À Luz da Palavra – 7º Domingo do Tempo Comum – Ano C A liturgia deste domingo coloca diante de nós dois modos de pensar e de agir, duas lógicas opostas, e conduz-nos a fazer a nossa pessoal opção. A segunda leitura pode ser a chave para lermos e interiorizarmos as outras duas leituras.
Na segunda leitura, Paulo apresenta-nos os dois “Adão”. O primeiro, nascido segundo a lei natural, é terreno; o segundo, nascido de Deus, é celeste. O primeiro “Adão” refere-se à geração dos homens e mulheres à qual todos nós pertencemos. O segundo “Adão” refere-se a Jesus Cristo, do qual nós fazemos parte na ordem da graça. O autor da carta termina, convidando-nos a “trazer em nós a imagem do homem celeste”, isto é, a imagem de Cristo, que revestimos pelo nosso Baptismo.
Na primeira leitura, encontramos estes dois tipos de “homem”. O episódio narrado passa-se num campo de batalha, cujo protagonista é Saul, rei de Israel. De noite, enquanto o exército dormia, David e Abisaí encontram-se diante de Saul, que também dorme, com a lança cravada em terra. Estes dois amigos encarnam os dois tipos de “Adão”. Abisaí, com uma atitude violenta, acha que o momento é oportuno para se vingar do agressor e introduzir a lança na cabeça de Saul, até à morte. David, porém, impregnado do amor de Deus e do respeito pela vida humana, deixa crescer nele sentimentos de perdão e não permite que o seu inimigo seja morto. Apesar da maldade de Saul, ele é o “ungido do Senhor”, exclama David. Que tipo de “ser humano” encarno eu? O de Abisaí, isto é, de Adão, ou o de David, isto é, de Jesus Cristo?

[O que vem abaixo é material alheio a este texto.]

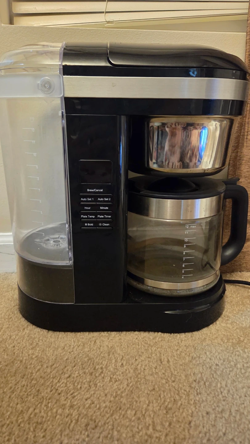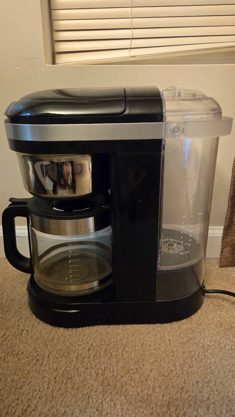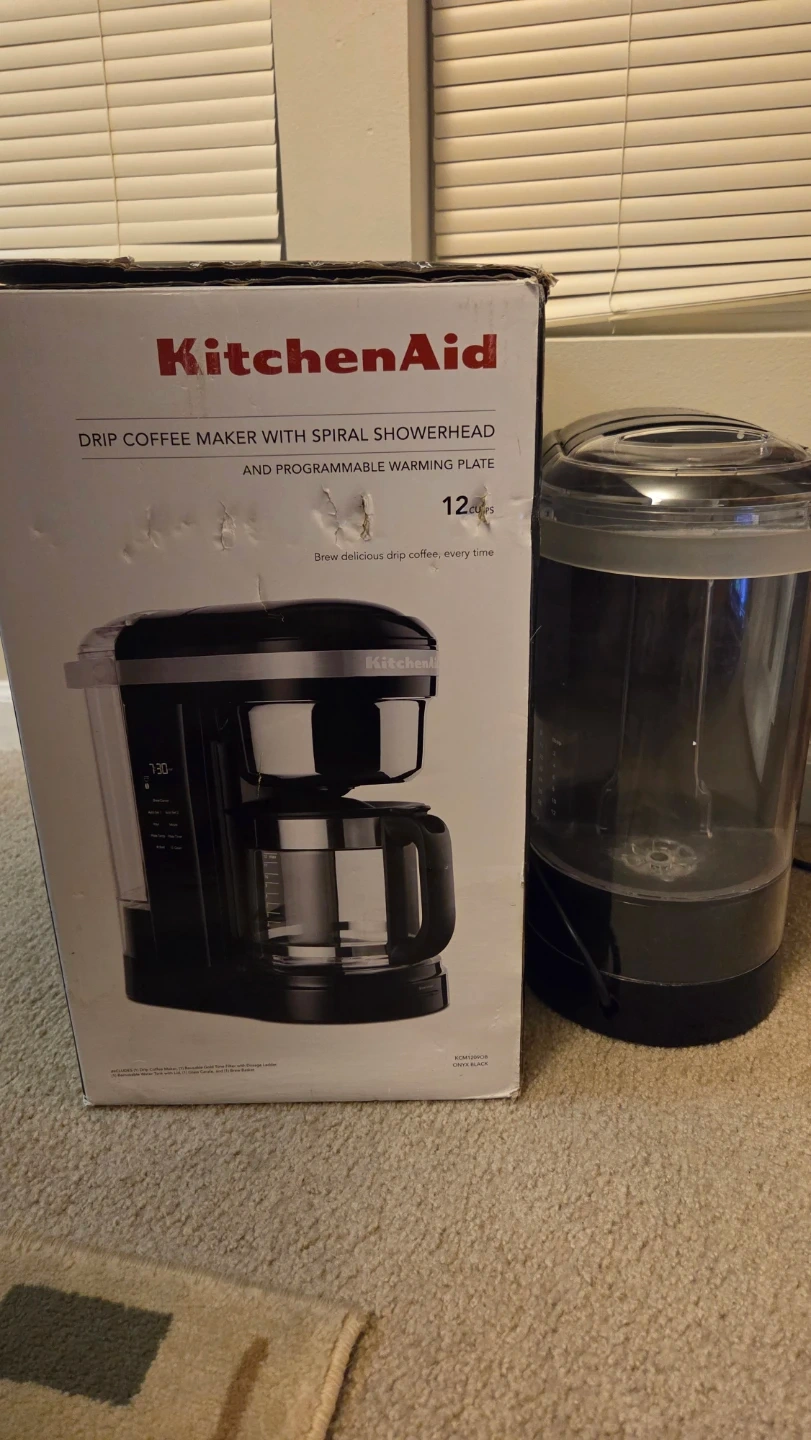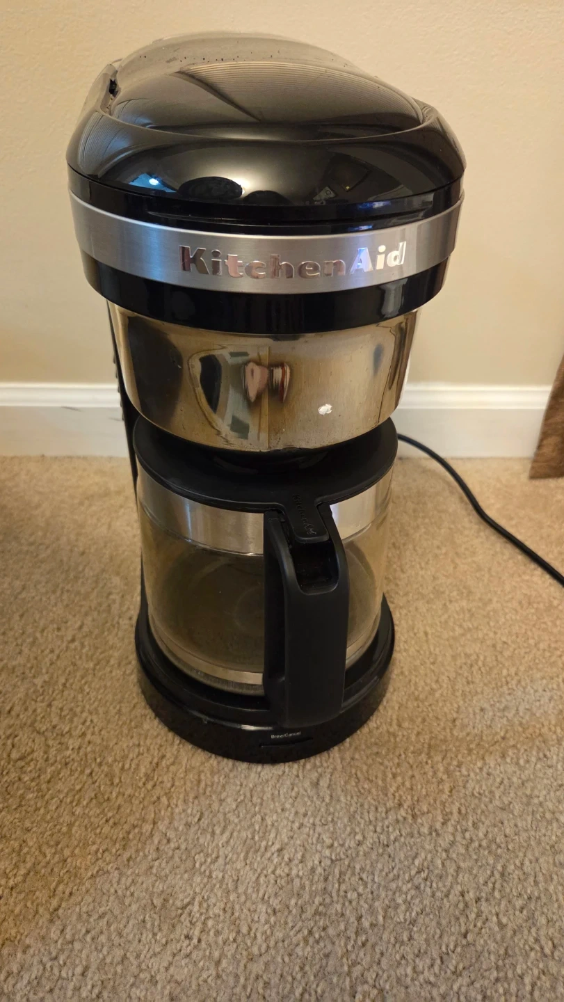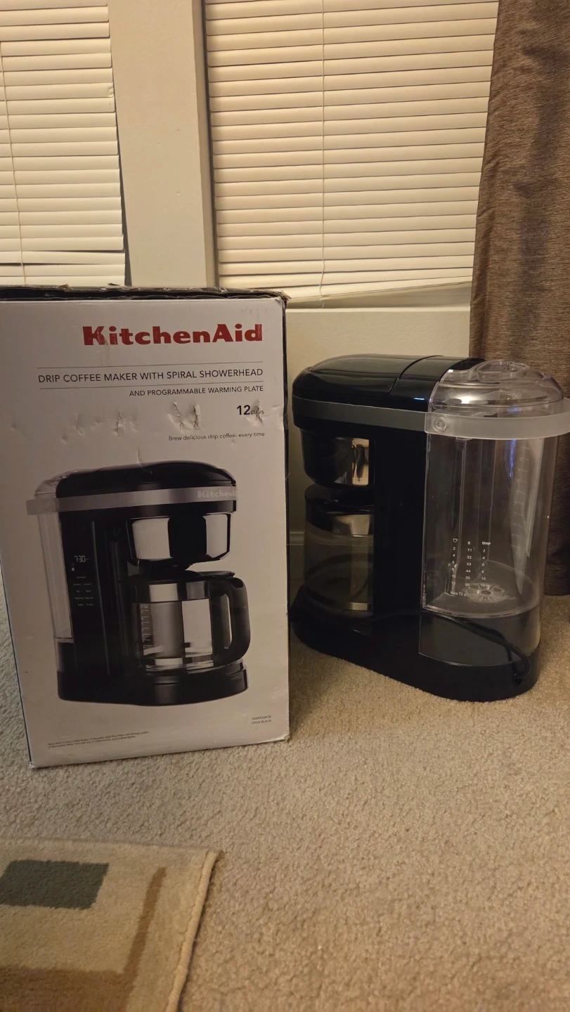 This is a black KitchenAid drip coffee maker with a spiral showerhead. It's programmable and has a warming plate. Brews up to 12 cups. Like new, barely used
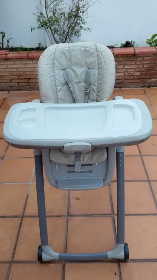 Trona de bebé de la marca Joie, ideal para las comidas. - Asiento acolchado. - Bandeja extraíble. - Arnés de seguridad. - Altura ajustable. - se convierte en asiento con pupitre
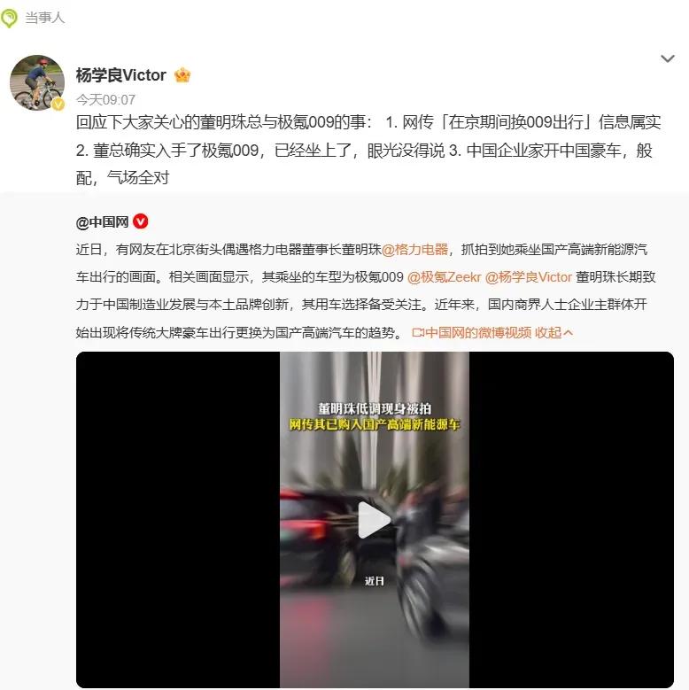 董明珠买国产豪车,李书福亲自交车,吉利这把赚大了。售价近90万的极氪009,董明珠一次就买了3辆,还带着格力员工又买了6辆。这么大的客户,难怪吉利老板李书福都亲自过来交车,董明珠在北京多次乘极氪出行被路人“偶然”拍到,这波顶级企业家带货国产豪车的示范效应,吉利可谓赚足了眼球。 吉利副总更是不吝赞扬,称董总确已入手极氪009,中国企业家开中国豪车,眼光没的说,够般配,气场全对。明眼人都听得出来,这话既是在拍董明珠马屁,更是抬高了吉利旗下豪车的身价,无形中喊话其他大佬,买车就得像董明珠这样,多看看国产豪车,一点不比奔驰迈巴赫弱。 其实这也不全是吉利在自吹,10年前没有国产敢卖这么高的价,因为就连国产车企自己也没自信,当时基本上20万就是国产车定价的天花板。可如今放眼一看,国产车企在中高端早已站稳脚跟,不说理想、蔚来普遍售价30万以上,华为问界都卖到50多万,尊界干到了100万。售价同样超过100万的比亚迪仰望,一个月平均能卖出去400辆。就叫一向以性价比著称的小米,最低售价都在20万以上,主要排队等着提车的人定金都交到一年以后了。 越来越多中国老板和中高产看清了国产,接受了国产,因为车的品质和操控性能,早已不是多年前的泥腿子,而是足以匹敌宾利、迈巴赫、考斯特等外国豪车,并且智能驾驶和乘坐体验更优秀。反倒是那些传统豪车一个个还在止步不前吃老本,被中国老板们抛弃后,才恍然大悟开始追赶,已经太迟了。

No evangelho, Lucas apresenta-nos o discurso de Jesus sobre o amor e o perdão, o qual só é possível ser vivido pelo cristão e pela cristã que cultivam em si os sentimentos e atitudes de Jesus, o “homem celeste”. Para os judeus, o amor só era devido aos compatriotas. Para com os estrangeiros, era natural cultivar-se o ódio e a vingança. Jesus vem inverter esta lógica, afirmando que o amor e o perdão são devidos ao próximo e que o próximo é cada homem e mulher, seja qual for a sua pátria, religião ou cultura. Amar só os amigos, é prática natural do “homem terreno”; mas amar os inimigos, fazer bem aos que nos fazem mal, perdoar àqueles que nos ofendem, é a atitude de um homem e de uma mulher espiritual, modelados segundo a figura do “homem celeste”, Jesus Cristo. A lógica dos seguidores de Jesus é mesmo a única que é capaz de travar a violência e o ódio, que se implantaram na nossa sociedade. O cristão e a cristã não podem recorrer às armas, à violência, à mentira e à vingança, para resolver qualquer situação de injustiça que os atingiu. Não é fraqueza, como alguns pensam, abrir-se ao perdão dos inimigos, dar o primeiro passo ao encontro de quem falhou, ter gestos de bon-dade e de compreensão para quem nos faz mal. A «regra de ouro», que está contida no evangelho deste domingo, pode resumir a mensagem da Palavra de hoje: “O que quiserdes que os outros vos façam, fazei-lho vós também”. Tenho, habitualmente, o coração aberto aos meus irmãos e irmãs, mesmo quando eles são meus inimigos?
Leituras do 7º Domingo do Tempo Comum – Ano C: 1 Sm 26,2.7-9.12-13.22-23; Sl 103 (102), 1-2.3-4.8.10.12-13; 1 Cor 15,45-49; Lc 6,27-38.